When Michelangelo Merisi da Caravaggio painted his multiple images of the same distinctive-appearing kid in Rome at the start of the seventeenth century, he was the highly celebrated sacred artist in a city enflamed by religious renewal. The Sacrifice of Isaac demonstrates why he was sought to adorn sanctuaries: he could adopt a biblical narrative that had been depicted numerous occasions before and render it so new, so unfiltered and physical that the horror seemed to be happening directly in front of the spectator.
However there was a different side to the artist, apparent as quickly as he came in the capital in the cold season that concluded the sixteenth century, as a painter in his early twenties with no mentor or supporter in the city, only skill and audacity. Most of the paintings with which he caught the holy metropolis's attention were everything but devout. That could be the absolute first resides in London's National Gallery. A young man parts his red lips in a yell of pain: while stretching out his filthy fingers for a fruit, he has instead been attacked. Boy Bitten By a Lizard is eroticism amid squalor: viewers can see the painter's dismal room reflected in the murky liquid of the glass container.
The boy wears a pink blossom in his coiffure – a symbol of the sex trade in early modern painting.
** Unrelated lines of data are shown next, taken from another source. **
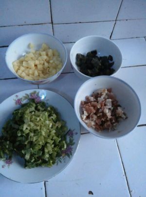 把这些材料切丁,锅里放油,油热了把肉皮蛋土豆放入锅里炒熟。放入熬粥的锅里熬。等快熬好了的时后,再把青菜放入锅里,再熬10分钟。
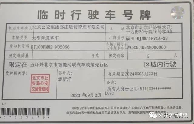 历时一年多的艰辛努力,经过感知系统标定、线控适配、控制调优、封闭场地考试、可靠性测试、申请进入北京市高级别自动驾驶示范区、专家评审、应急演练等一系列工作,2023年9月,北京公交集团作为牵头单位,亦庄运营公司、福田欧辉公司、轻舟智航公司作为联合体,取得北京市高级别自动驾驶工作办公室印发的《智能网联汽车道路测试通知书》,并获得北京市公安局公安交通管理局颁发的路测牌照。这是北京公交取得的第一张大型普通客车自动驾驶路测牌照,意味着北京公交高级别自动驾驶车辆正式跨过封闭场地测试阶段、进入地面公共交通实际运营场景的开放道路测试阶段,将在北京市智能网联汽车政策先行区内开展上路测试。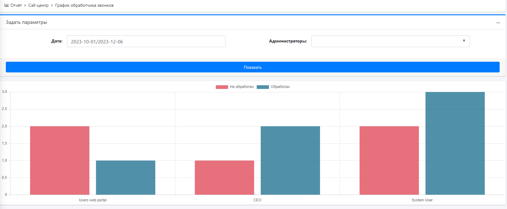 Откроется страница, где можно выбрать администраторов, тех у кого задан SIP номер, а также можем задать период времени. Если не заданы параметры - данные в график буду выведены за текущий месяц от 1 числа по всем администраторам.

Venetian artists such as Titian and Palma Vecchio depicted courtesans grasping blooms and, in a work lost in the second world war but documented through images, Caravaggio represented a renowned female courtesan, clutching a bouquet to her bosom. The meaning of all these botanical indicators is clear: sex for purchase.
What are we to interpret of the artist's erotic portrayals of boys – and of one adolescent in particular? It is a question that has split his commentators since he gained widespread recognition in the 1980s. The complicated historical truth is that the artist was neither the homosexual hero that, for example, Derek Jarman put on screen in his 1986 film Caravaggio, nor so completely devout that, as some art historians improbably assert, his Boy With a Basket of Fruit is in fact a likeness of Jesus.
His early works do offer explicit sexual implications, or including propositions. It's as if Caravaggio, then a destitute young artist, identified with the city's prostitutes, offering himself to survive. In the Uffizi, with this idea in mind, observers might turn to an additional initial creation, the 1596 masterpiece Bacchus, in which the god of alcohol stares coolly at you as he begins to undo the black sash of his robe.
A few annums after Bacchus, what could have motivated Caravaggio to create Victorious Cupid for the art patron the nobleman, when he was at last becoming almost respectable with prestigious church projects? This unholy non-Christian god resurrects the erotic provocations of his early paintings but in a more powerful, unsettling manner. Half a century afterwards, its secret seemed clear: it was a portrait of Caravaggio's lover. A English traveller viewed Victorious Cupid in about 1649 and was informed its subject has "the body & face of [Caravaggio's|his] own boy or assistant that laid with him". The identity of this adolescent was Cecco.
The painter had been deceased for about forty years when this story was recorded.